We set up the function on the cluster by

wrapping it with rh.function(np_env)
sending it .to(cluster)

When this is called, the underlying code is synced over and dependencies are set up.

remote_np_sum = rh.function(np_sum).to(cluster)

INFO | 2024-02-27 20:21:54.329646 | Because this function is defined in a notebook, writing it out to a file to make it importable. Please make sure the function does not rely on any local variables, including imports (which should be moved inside the function body). Functions defined in Python files can be used normally.
INFO | 2024-02-27 20:21:55.378194 | Server rh-cluster is up.
INFO | 2024-02-27 20:21:55.384844 | Copying package from file:///Users/caroline/Documents/runhouse/notebooks to: rh-cluster
INFO | 2024-02-27 20:22:06.614361 | Calling base_env.install

----------
[36mrh-cluster[0m
----------
[36mInstalling Package: numpy with method pip.
[0m[36mRunning: pip install numpy
[0m[36mInstalling Package: notebooks with method reqs.
[0m[36mreqs path: notebooks/requirements.txt
[0m[36mnotebooks/requirements.txt not found, skipping

INFO | 2024-02-27 20:22:09.486367 | Time to call base_env.install: 2.87 seconds
INFO | 2024-02-27 20:22:18.091062 | Sending module np_sum to rh-cluster

Running the function remotely is as simple as if you were running it locally. Below, the function runs remotely on the cluster, and returns the results to your local environment.

remote_np_sum(1, 5)

INFO | 2024-02-27 20:49:41.688705 | Calling np_sum.call
INFO | 2024-02-27 20:49:42.944473 | Time to call np_sum.call: 1.26 seconds

Runhouse Modules

A Function is a subclass of a more generic Runhouse concept called a Module, which represents the class analogue to a function. Like a Function, you can send a Module to a remote cluster and interact with it natively by calling its methods, but it can also persist and utilize live state via instance methods.

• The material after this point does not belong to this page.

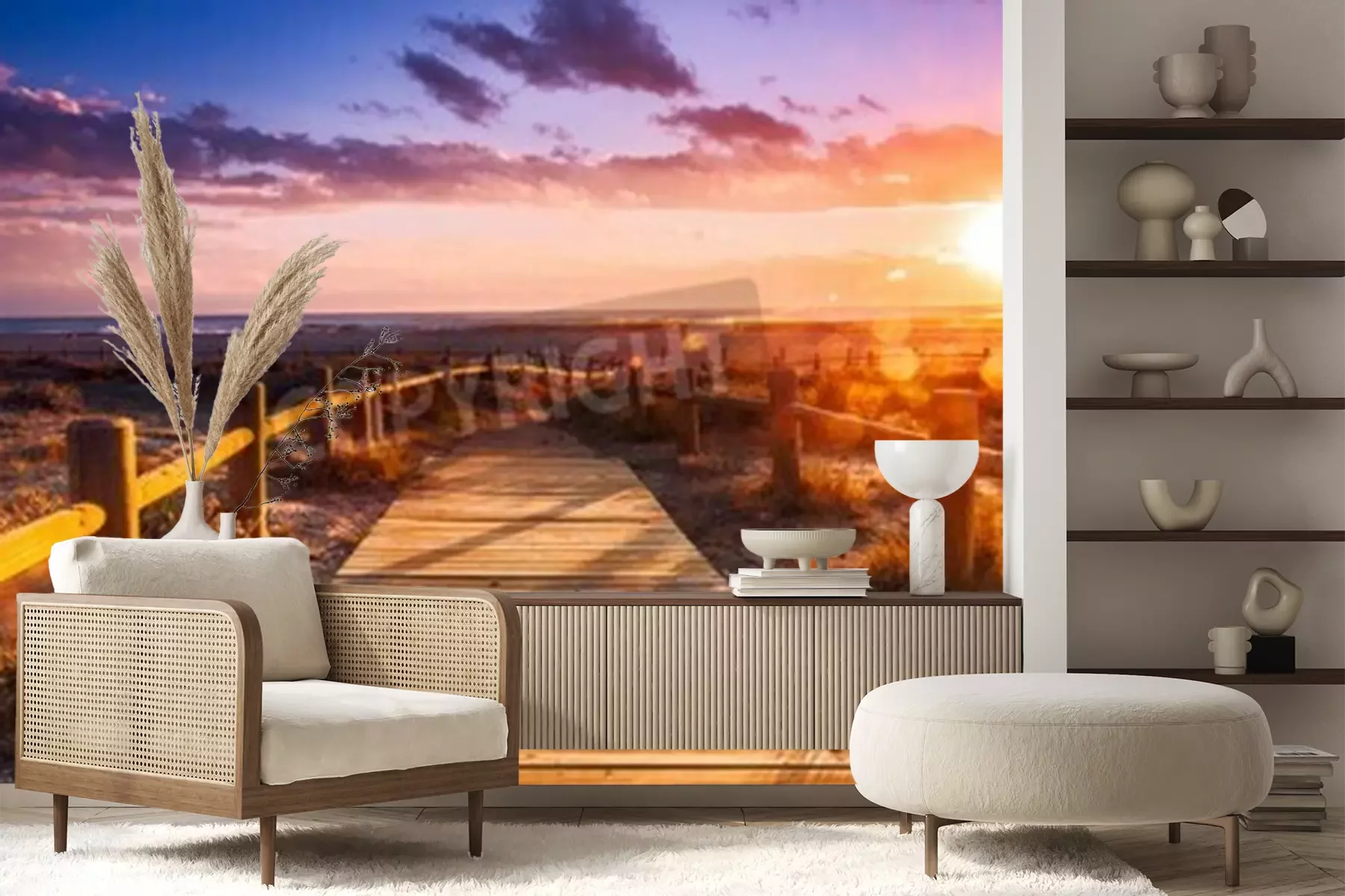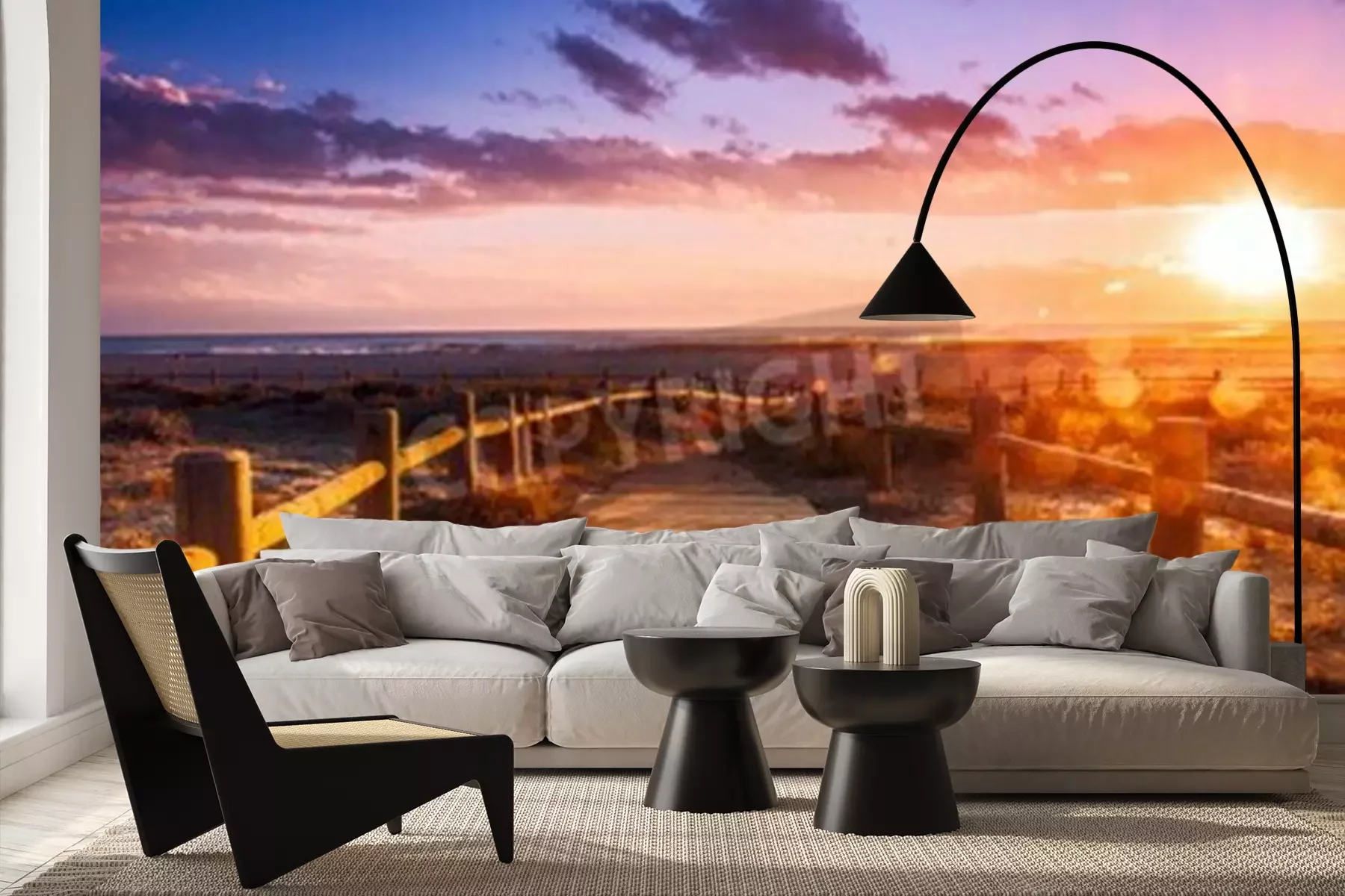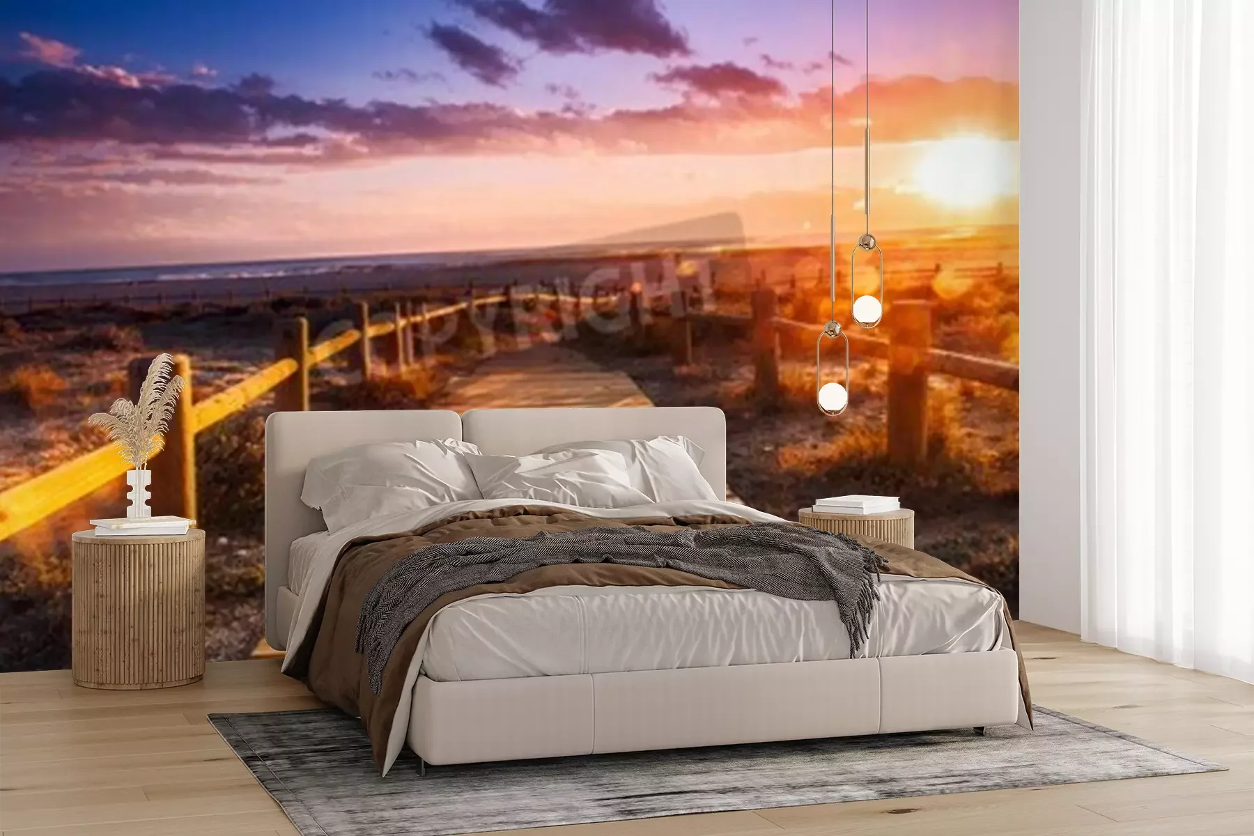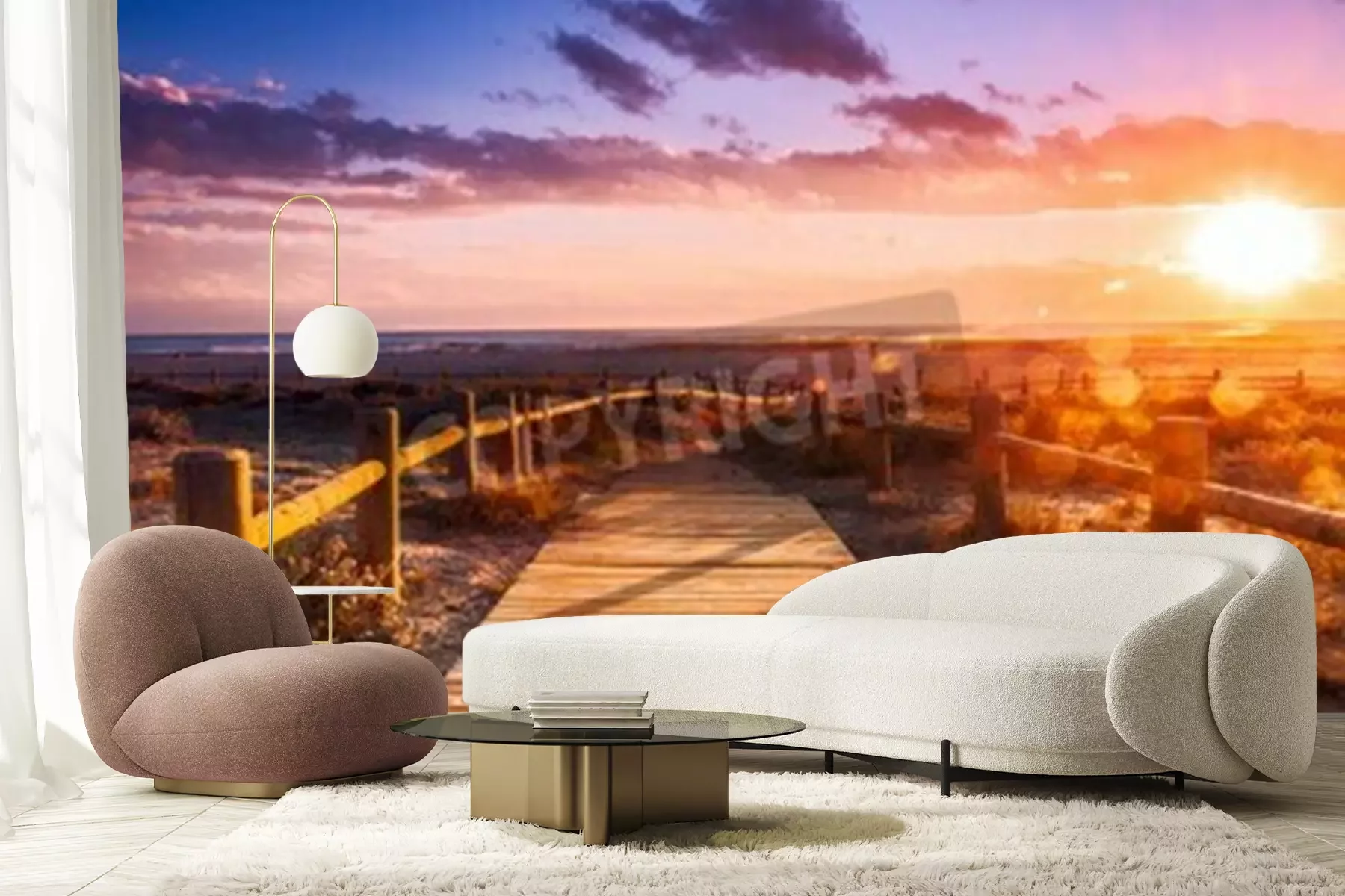 Papier peint  Coucher de soleil avec jetée et mer en Espagne
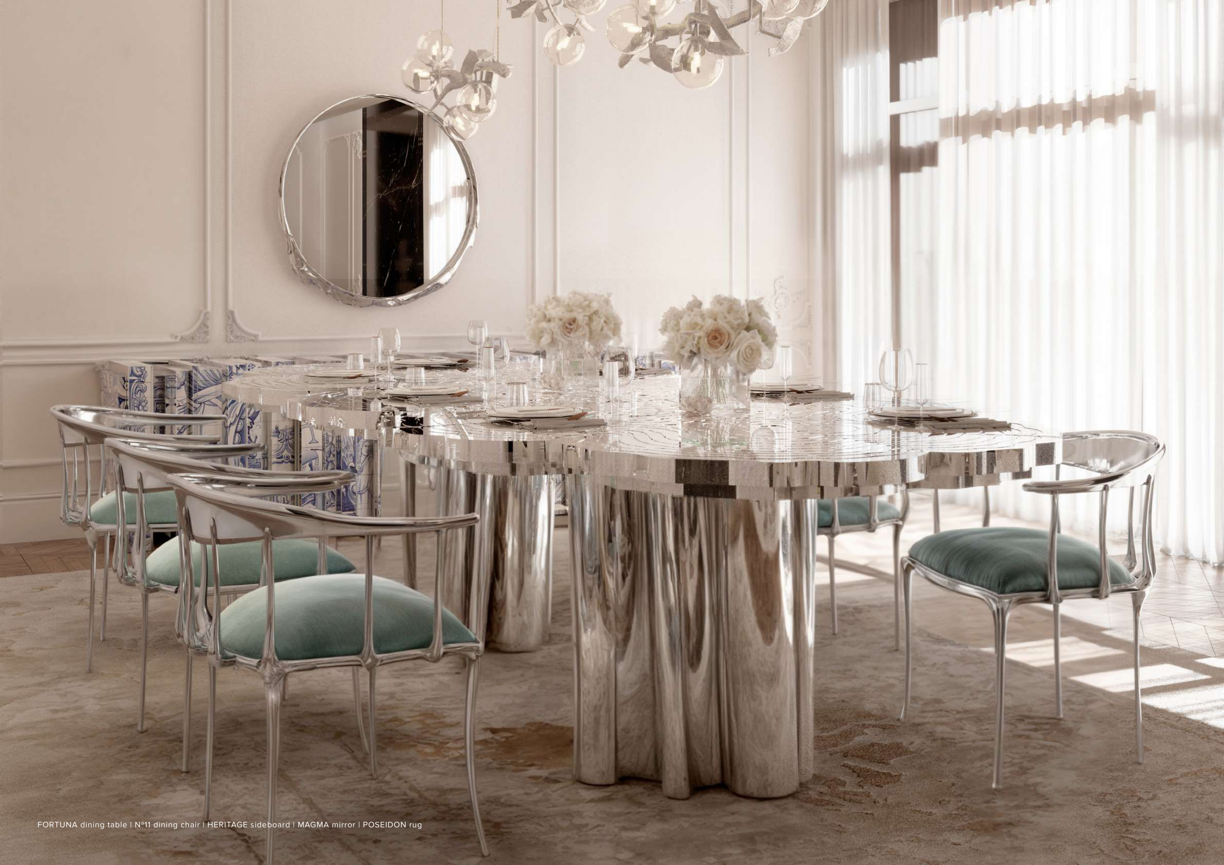 FORTUNA dining table | Nª11 dining chair | HERITAGE sideboard | MAGMA mirror | POSEIDON rug

Introducing state into a service means being able to spin up, connect, and secure auxiliary services like Redis, Celery, etc. In Runhouse, state is built in, and lives natively in-memory in Python so it’s ridiculously fast.

Converting Existing Class to Runhouse Module

If you have a native Python class that you would like to run remotely, you can directly convert it into a Runhouse Module via the rh.module factory function.

Pass in the Python class to rh.module()
Call .to(cluster) to sync the class across to the cluster
Create a class instance and call their functions just as you would a locally defined class. The function runs remotely, and returns the result locally.

%%writefile bert_module.py

from transformers import AutoModel, AutoTokenizer
import runhouse as rh


class BERT:
    def __init__(self, model_id="google-bert/bert-base-uncased"):
        self.model_id = model_id
        self.model = None
        self.tokenizer = None

    def load_model(self):
        self.tokenizer = AutoTokenizer.from_pretrained(self.model_id)
        self.model = AutoModel.from_pretrained(self.model_id)

    def embed(self, samples):
        if not self.model:
            self.load_model()
        tokens = self.tokenizer(samples, return_tensors="pt", padding=True, truncation=True)
        return self.model(tokens.input_ids, attention_mask=tokens.attention_mask).last_hidden_state

Writing bert_module.py

from bert_module import BERT

img = rh.Image("my_image").install_packages(["torch", "transformers"])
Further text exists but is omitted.